IIS Logs / Log Parser Studio – Aggregated Hits per Server

Background

Our monitoring team has developed and rolled out scripts for monitoring our web farm.

And, we are getting alerts through email.

Quite a lot of emails are coming across and wanted to see if they are coming from same host or a combination of hosts.

 

Emails

Looked at the emails and they happen to be coming from same host.

And, so will have to engage our Network team and see how the Load Balancer is configured.

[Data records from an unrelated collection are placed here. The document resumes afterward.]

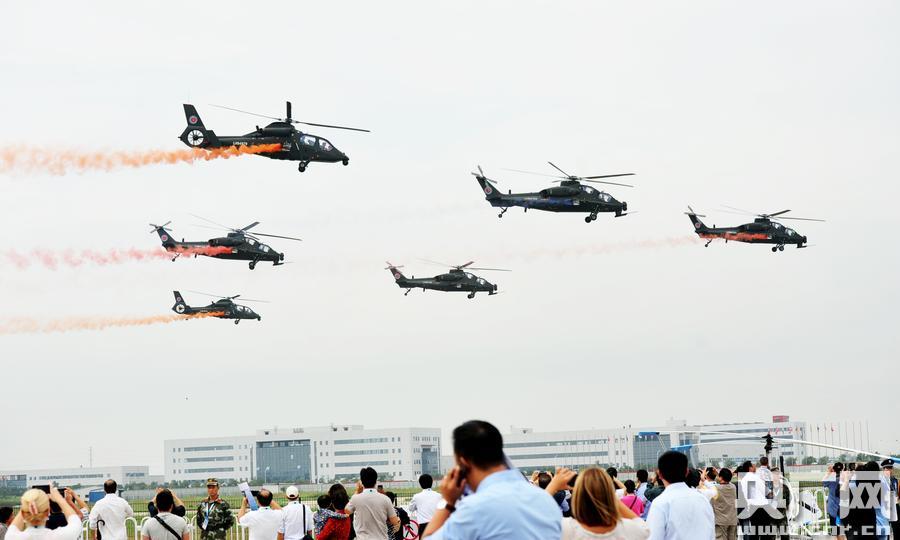 直升機(jī)飛行表演是歷屆直博會(huì)的重頭戲。第三屆中國(guó)天津國(guó)際直升機(jī)博覽會(huì)期間,中航工業(yè)直升機(jī)設(shè)計(jì)研究所和中航工業(yè)昌飛集團(tuán)研制的直-10、直-19武裝直升機(jī)和AC311、AC312、AC313系列民用直升機(jī)悉數(shù)參加飛行表演,吸引了眾多觀眾的眼球
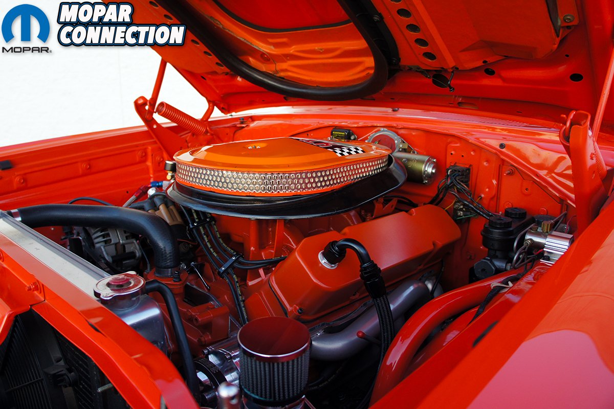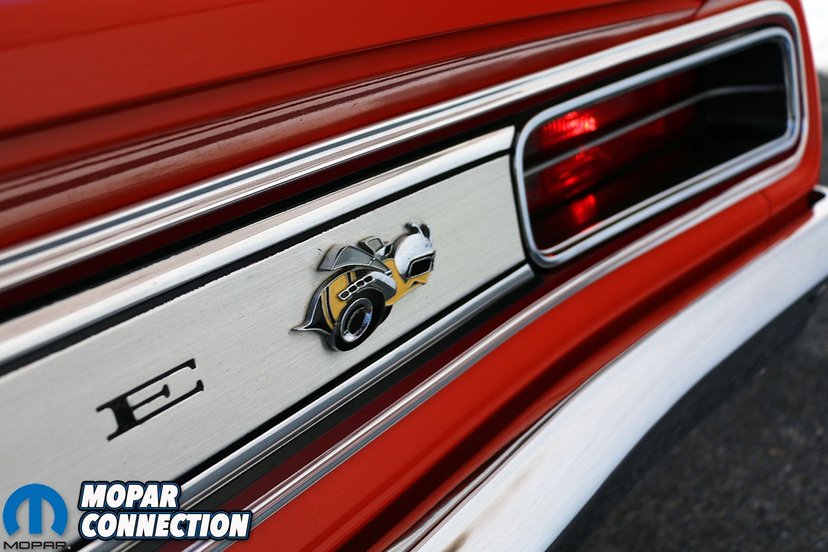 The exterior of the Super Bee is pretty much stock, exactly as Barry wants. It came from the factory wearing EV2 Hemi Orange paint so Barry got it repainted in the exact same color using Dupont paint. Steve Shands Auto Body in Otisville, Michigan did the work and the results are fantastic. The only modification to the exterior was the rear wheel openings were slightly modified in the early 1970s to fit a bigger tire. Barry didn’t see a need with changing it so he left it alone. The ‘Bee wears a black C-stripe proudly as well as features a menacing looking N96 Ramcharger dual snorkel hood.
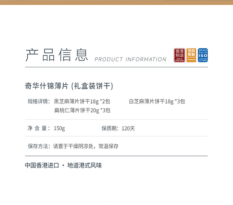 【什锦薄片礼盒】奇华饼家扁桃仁黑芝麻薄片什锦饼干礼盒中国香港进口饼干节日送礼

Is there a prospect that more traffic is being directed at the failing node?

Network Load Balancer

As we prepared to go to the Network Load Balancer team took the opportunity to take gather and query the IIS Logs, as well.

 

TroubleShooting

Log Parser Studio

Query


SELECT 
            To_String(date, 'yyyy-MM-dd') as dated

          , sc-status as status

          , sum (
                    case s-ip
                        when '10.0.4.25' then 1
                        else 0
                   end
               ) as S1

          , sum (
                    case s-ip
                        when '10.0.4.26' then 1
                        else 0
                   end
               ) as S2


          , sum (
                    case s-ip
                        when '10.0.4.27' then 1
                        else 0
                   end
               ) as S3

         , sum (
                    case s-ip
                        when '10.0.4.28' then 1
                        else 0
                   end
               ) as S4

          , min(TO_TIMESTAMP(date, time)) as tsRecordedMin


          , max(TO_TIMESTAMP(date, time)) as tsRecordedMax


FROM '[LOGFILEPATH]' 


where   (


           (

             TO_TIMESTAMP(date, time) 
                     between timestamp('2017/08/02 10:30:00', 'yyyy/MM/dd hh:mm:ss')  
                          and timestamp('2017/08/02 17:20:00', 'yyyy/MM/dd hh:mm:ss')
           )

       )

/*

	and  c-ip not in ('10.0.4.141')
	
*/

group by
         date
       , sc-status


order by
           dated 
         , status



Output

Time Range – 1 ( August 2nd 10:30 AM – 5:20 PM )

Results

Explanation
  1. It is difficult to make case that traffic is exhaustively being waded into a specific host

Time Range – 2 ( August 8th 5:13 PM – 8:40 PM )

Results

Explanation
  1. In our second time slot, 4700 records bearing HTTP 200 is right around average

Summary

At this time it is likely that the sufferance we are seeing with this specific host is not due to outside pressure, but internal to the host itself.

 

IIS – Review IISLog to track traffic within time period

Issue

We have been receiving a bunch of alerts from our monitoring tool.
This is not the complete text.